- **What is expected**
Please return the listing exactly as it stands, skipping any pictures.

- **Raw data**
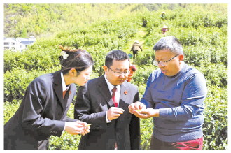| 图为浙江省金华市婺城区法院法官回访重整的制茶企业,深入茶山了解茶叶长势和采摘工作。 赵阳天 摄 |
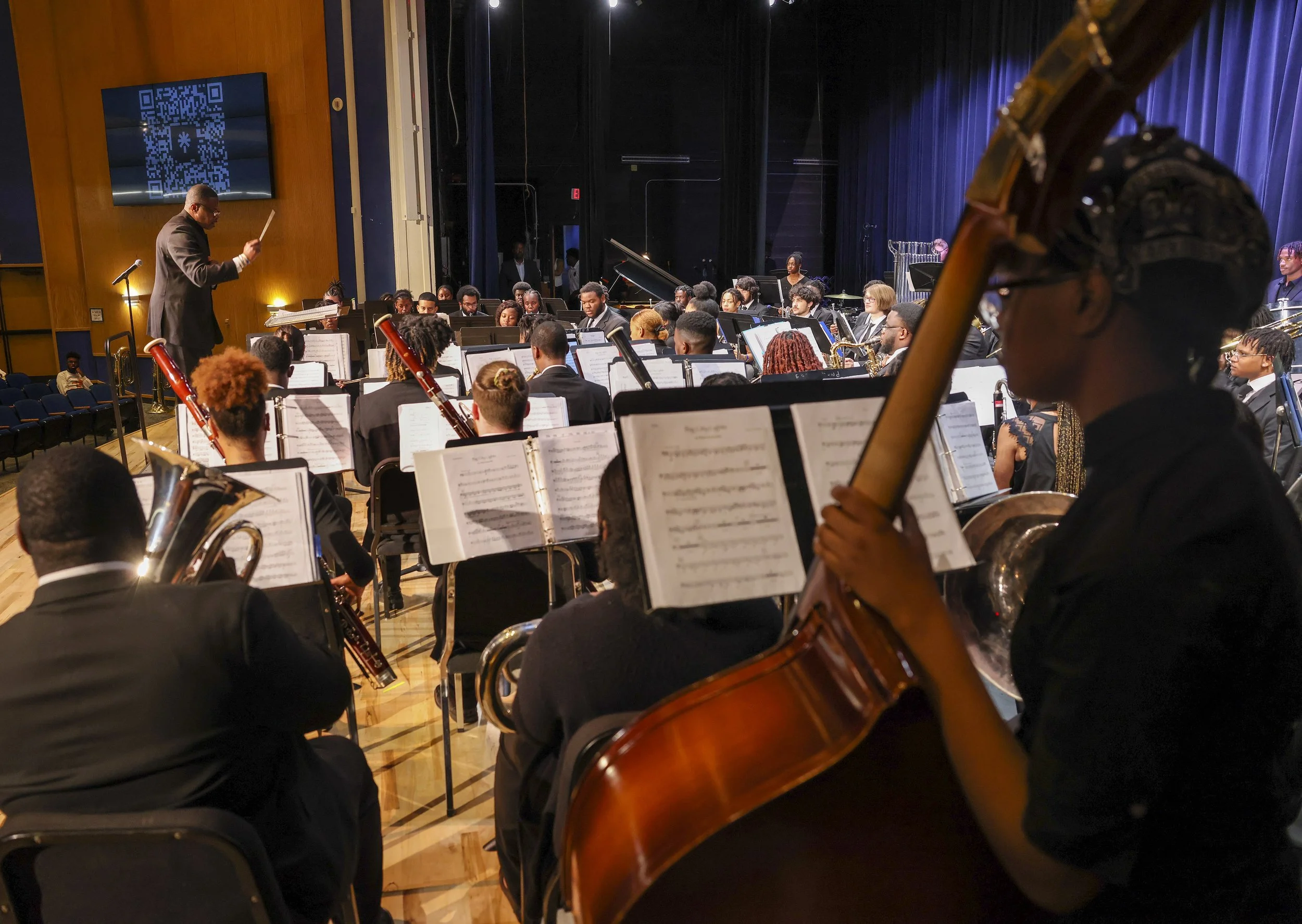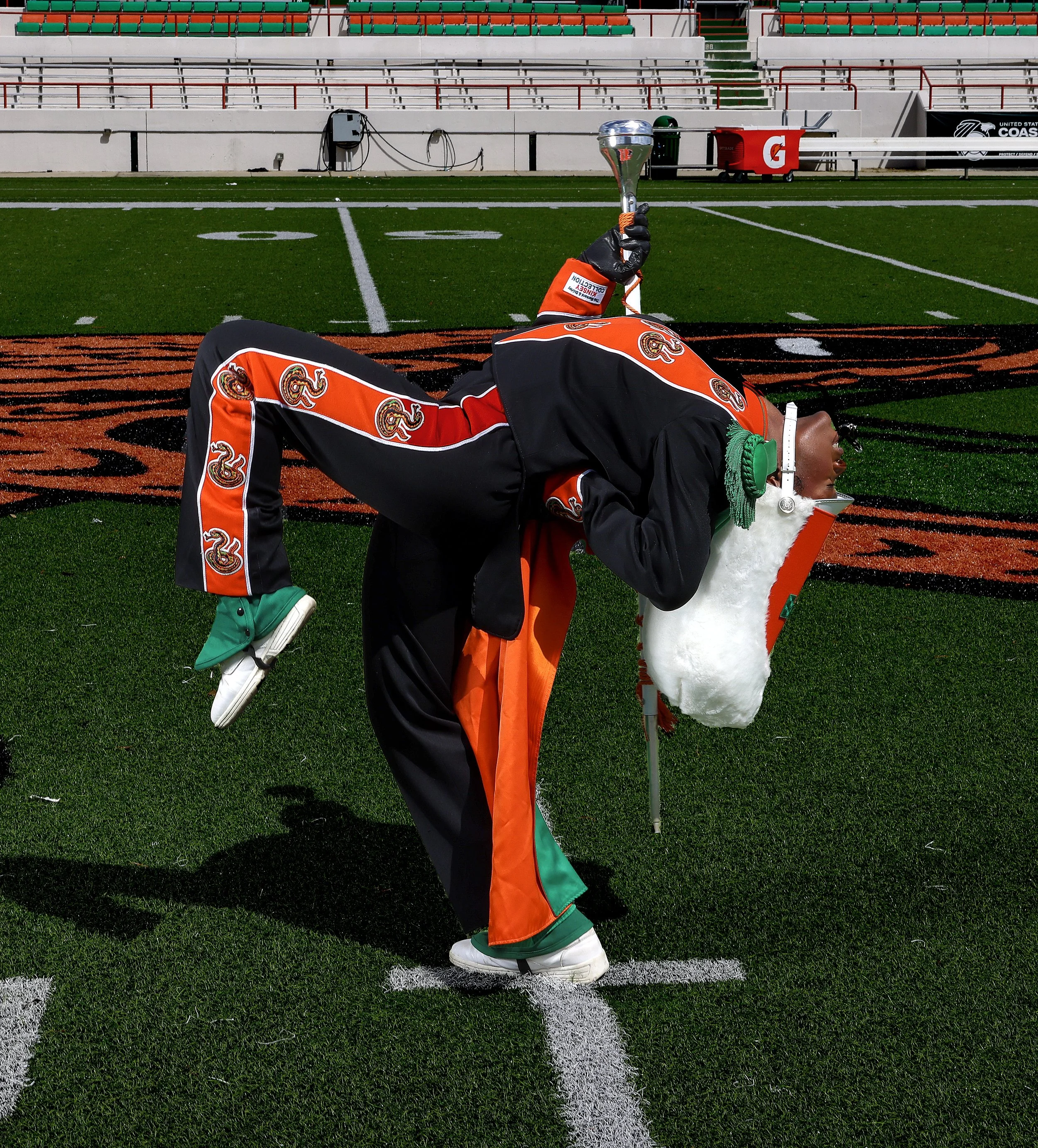 The Florida A&M Marching 100 rehearse for an upcoming performance in CA
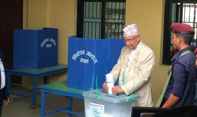 काठमाडौं । एमाले अध्यक्ष केपी शर्मा ओलीले स्थानीय तह निर्वाचनमा मतदान गरेका छन् । २० बर्षपछि हुन लागेको स्थानीय निर्वाचनमा एमाले अध्यक्ष ओलीले आइतबार बिहान मतदान गरेका हुन् ।

- **Written solution**
| 图为浙江省金华市婺城区法院法官回访重整的制茶企业,深入茶山了解茶叶长势和采摘工作。 赵阳天 摄 |
 The Florida A&M Marching 100 rehearse for an upcoming performance in CA
 काठमाडौं । एमाले अध्यक्ष केपी शर्मा ओलीले स्थानीय तह निर्वाचनमा मतदान गरेका छन् । २० बर्षपछि हुन लागेको स्थानीय निर्वाचनमा एमाले अध्यक्ष ओलीले आइतबार बिहान मतदान गरेका हुन् ।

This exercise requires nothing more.